Some activists joined the still illegal ANC, and later some of them became members of the United Democratic Front (UDF), such as Popo Molefe , who had belonged to the BPC from 1973 and then to the AZAPO. Cyril Ramaphosa , from 1974 SASO chairman at the University of the North in Pietersburg , joined the trade union umbrella organization Cosatu . In exile, the Marxist organization Black Consciousness Movement of Azania existed from 1980 . The Azanian People's Organization (AZAPO), founded in 1978, invokes the movement's guidelines.
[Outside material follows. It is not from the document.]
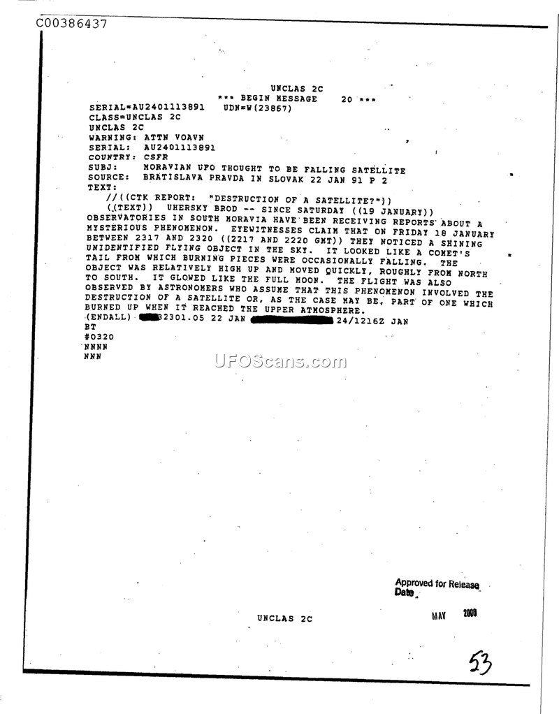 This document is a declassified intelligence summary reporting on a sighting of an unidentified aerial phenomenon in South Moravia, Czechoslovakia, on the night of January 18, 1991. According to a report from the Bratislava Pravda newspaper, eyewitnesses in the town of Uhersky Brod observed a mysterious object in the sky between 23:17 and 23:20 local time (22:17–22:20 GMT). The witnesses described the object as having a shining tail, similar to that of a comet, from which burning pieces were occasionally falling. The object was reported to be at a relatively high altitude, moving quickly from north to south, and emitting a glow comparable to that of a full moon. The incident was also observed by astronomers, who provided an official assessment that the phenomenon was likely the destruction of a satellite or a portion of a satellite burning up upon re-entry into the upper atmosphere.

In 1983 she founded the National Forum, which was more radical but less effective than the UDF. The writer Don Mattera , who was also active in the Black Consciousness movement, was one of its members.
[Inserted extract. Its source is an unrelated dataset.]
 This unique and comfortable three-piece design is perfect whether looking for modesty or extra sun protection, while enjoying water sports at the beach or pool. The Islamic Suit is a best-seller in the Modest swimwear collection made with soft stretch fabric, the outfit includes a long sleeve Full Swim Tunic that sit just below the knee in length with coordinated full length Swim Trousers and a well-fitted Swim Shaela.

Several former members of the movement got into high government offices after the end of apartheid in 1994. Popo Molefe and Tokyo Sexwale were prime ministers of a province, while Ramaphosa had been deputy president of South Africa since 2014 and president since 2018. AZAPO won one seat in the South African parliamentary elections in 2014. Mamphela Ramphele founded the Agang South Africa party in 2013 , which received two seats in the 2014 elections.
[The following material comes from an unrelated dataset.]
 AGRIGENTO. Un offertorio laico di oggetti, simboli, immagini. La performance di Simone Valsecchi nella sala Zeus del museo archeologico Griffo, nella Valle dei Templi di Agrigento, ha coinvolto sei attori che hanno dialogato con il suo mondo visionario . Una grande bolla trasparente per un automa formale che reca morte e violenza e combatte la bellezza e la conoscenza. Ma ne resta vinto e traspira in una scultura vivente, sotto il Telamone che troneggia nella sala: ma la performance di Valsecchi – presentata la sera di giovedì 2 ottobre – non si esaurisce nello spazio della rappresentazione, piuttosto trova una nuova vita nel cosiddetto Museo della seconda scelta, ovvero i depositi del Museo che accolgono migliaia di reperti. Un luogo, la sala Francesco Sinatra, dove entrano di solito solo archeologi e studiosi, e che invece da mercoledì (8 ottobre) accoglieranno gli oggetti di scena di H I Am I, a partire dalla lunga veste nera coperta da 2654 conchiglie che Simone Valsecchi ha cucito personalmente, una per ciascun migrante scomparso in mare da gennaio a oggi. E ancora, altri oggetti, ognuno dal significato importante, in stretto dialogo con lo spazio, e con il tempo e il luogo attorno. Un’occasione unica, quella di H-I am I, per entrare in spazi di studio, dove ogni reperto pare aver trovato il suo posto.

In 1998 the Steve Biko Foundation was established.

See also

Web links

Individual evidence

  1. Gottfried Wellmer (Ed.): Documents of the South African Liberation Movement (= ISSA - scientific series 6). Informationsstelle Südliches Afrika eV, Bonn 1977, ISBN 3-921614-38-4 , p. 205.
  2. ^ A b Peter Randall : South Africa's Future. Christians show new ways . (Final report of the Study Project on Christianity in Apartheid Society ), Bonn, 1974, p. 54, ISBN 3-921314-09-7
  3. a b c d e f g h i j Black Consciousness Movement at sahistory.org.za (English), accessed on October 21, 2014.
  4. a b c University Christian Movement at sahistory.org.za (English), accessed on October 20, 2014.
  5. ^ Robert Ross: A Concise History of South Africa. Cambridge University Press, Cambridge 2008, ISBN 978-0-521-72026-7 , p. 151. Digitized
  6. Definition at education-portal.com (English), accessed on October 24, 2014.
  7. Khaba Mkhize: Enos Zwelabantu Sikhakhane (1917-1993) . In: Natalia 23/24 (1993/1994), online at www.natalia.org.za (English)
  8. a b History of the BCM, aftermath with a focus on the National Forum at nelsonmandela.org (English), accessed on October 22, 2014.
  9. ^ Reinhard Rode: Change in South Africa . Institute for African Studies, Hamburg 1976, pp. 89–90
  10. Black Community Programs at sahistory.org.za (English), accessed on October 24, 2014.
  11. Portrait of the BPC at nelsonmandela.org (English), accessed on October 22, 2014.
  12. Brief report from the establishment in 1980 at sahistory.org.za (English), accessed on October 30, 2014
  13. Portrait of Mattera at sahistory.org.za (English), accessed on October 24, 2014.
  14. Foundation website , accessed on October 24, 2014.